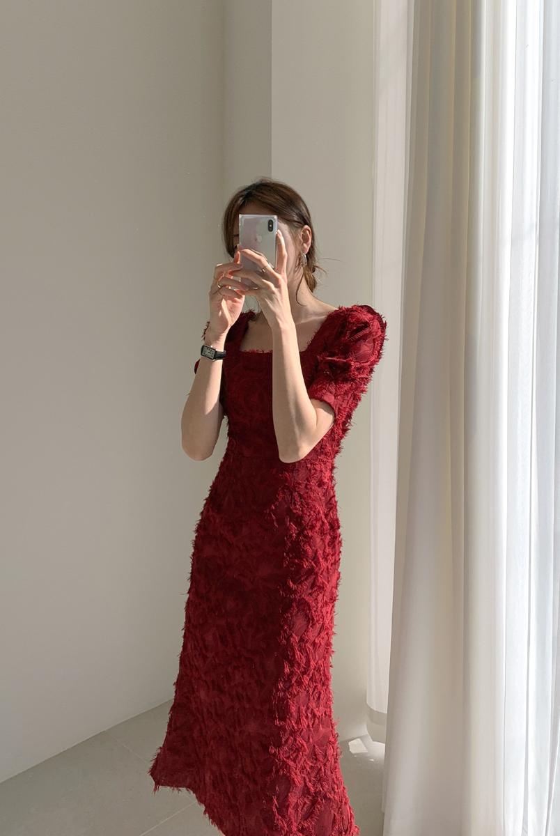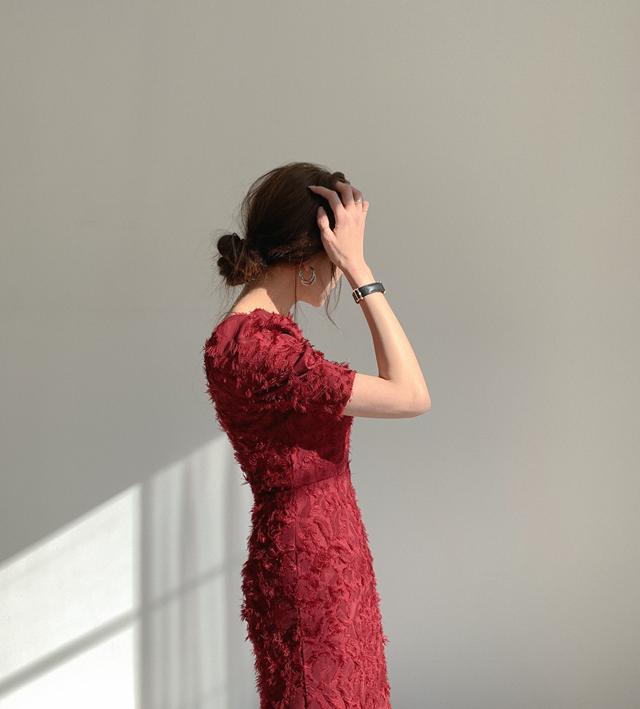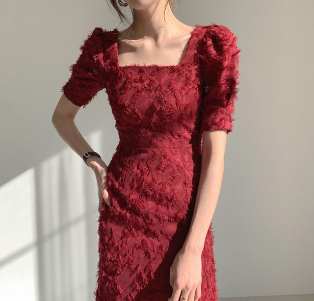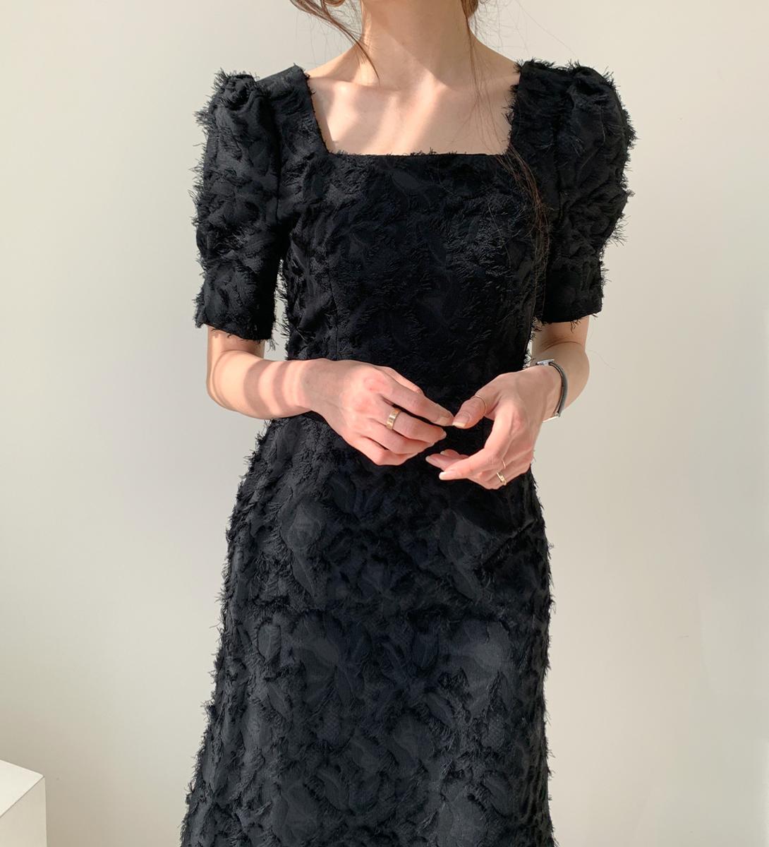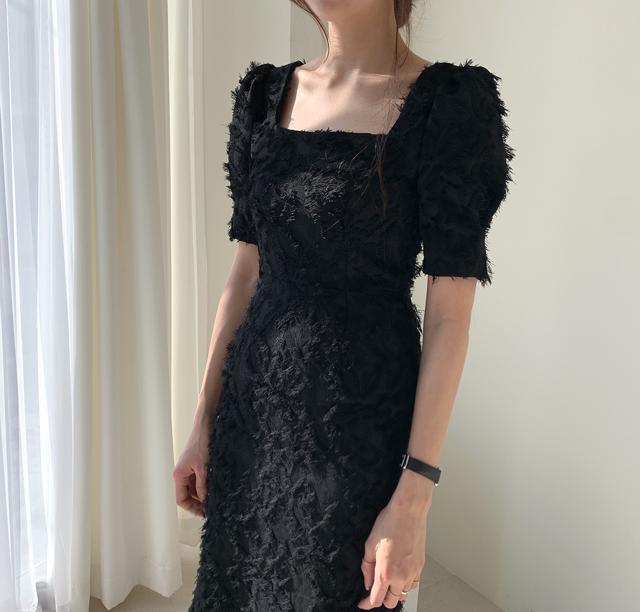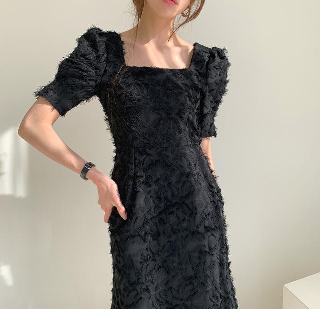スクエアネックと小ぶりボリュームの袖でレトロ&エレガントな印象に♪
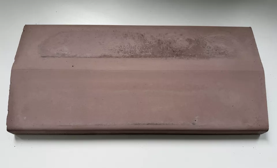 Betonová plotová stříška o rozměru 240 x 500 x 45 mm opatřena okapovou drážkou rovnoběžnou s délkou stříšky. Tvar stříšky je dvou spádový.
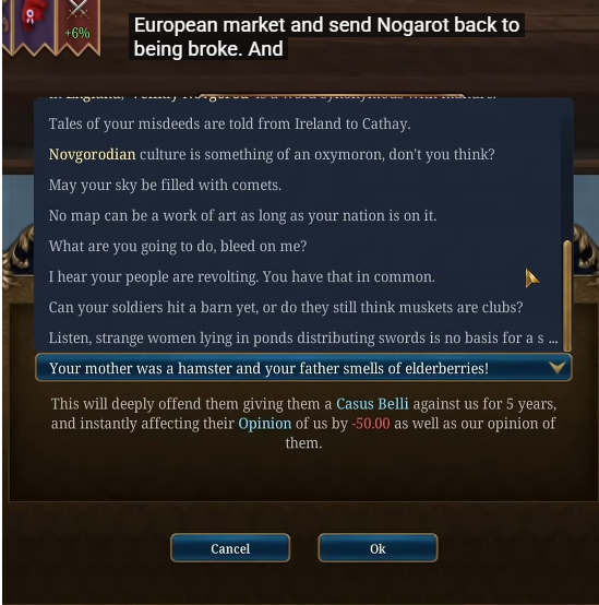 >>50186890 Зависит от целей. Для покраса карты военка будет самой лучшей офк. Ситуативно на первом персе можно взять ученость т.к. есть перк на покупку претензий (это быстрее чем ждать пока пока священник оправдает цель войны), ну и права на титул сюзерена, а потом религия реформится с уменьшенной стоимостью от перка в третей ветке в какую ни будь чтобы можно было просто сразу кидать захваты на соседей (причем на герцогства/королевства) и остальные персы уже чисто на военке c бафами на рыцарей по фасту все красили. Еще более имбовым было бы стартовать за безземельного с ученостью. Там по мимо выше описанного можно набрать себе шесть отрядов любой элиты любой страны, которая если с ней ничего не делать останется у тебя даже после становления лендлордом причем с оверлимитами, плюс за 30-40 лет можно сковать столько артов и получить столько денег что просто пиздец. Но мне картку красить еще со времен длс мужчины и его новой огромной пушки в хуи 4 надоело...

---

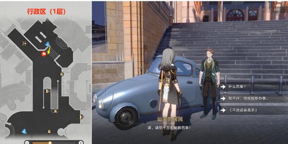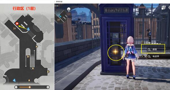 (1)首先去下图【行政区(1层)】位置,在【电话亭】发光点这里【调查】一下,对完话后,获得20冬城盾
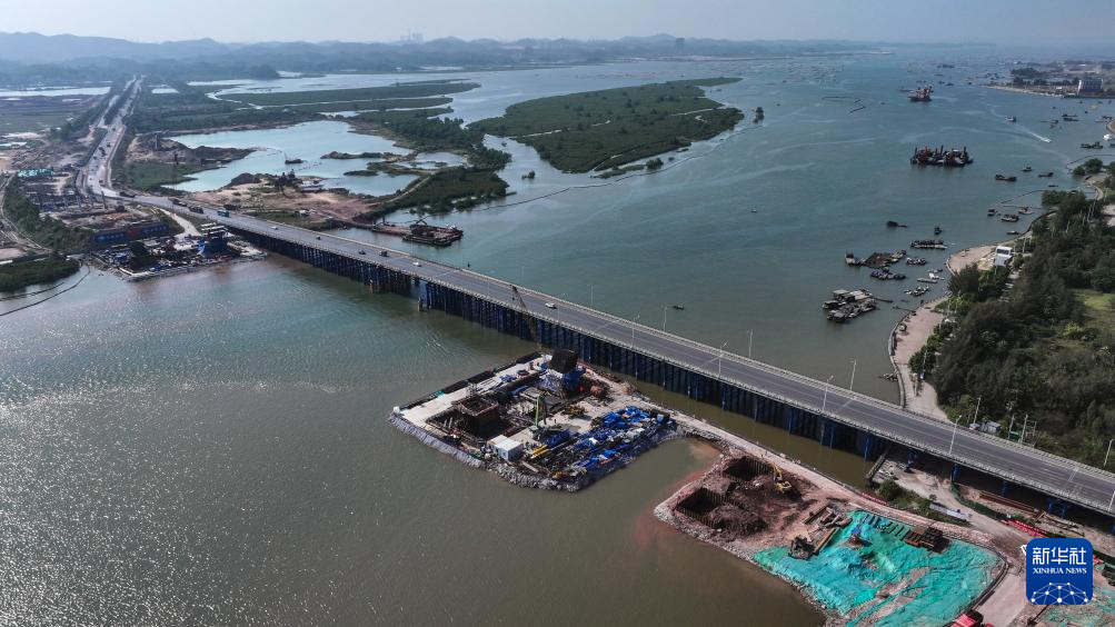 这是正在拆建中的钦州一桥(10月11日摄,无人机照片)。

● Task prompt
A word-for-word reproduction is needed of the lines above from the line containing "スクエアネックと小ぶりボリュームの袖でレトロ&エレガントな印象に♪" through the line containing "Betonová plotová stříška", with both ends kept and no pictures.

● Solution
スクエアネックと小ぶりボリュームの袖でレトロ&エレガントな印象に♪
 Betonová plotová stříška o rozměru 240 x 500 x 45 mm opatřena okapovou drážkou rovnoběžnou s délkou stříšky. Tvar stříšky je dvou spádový.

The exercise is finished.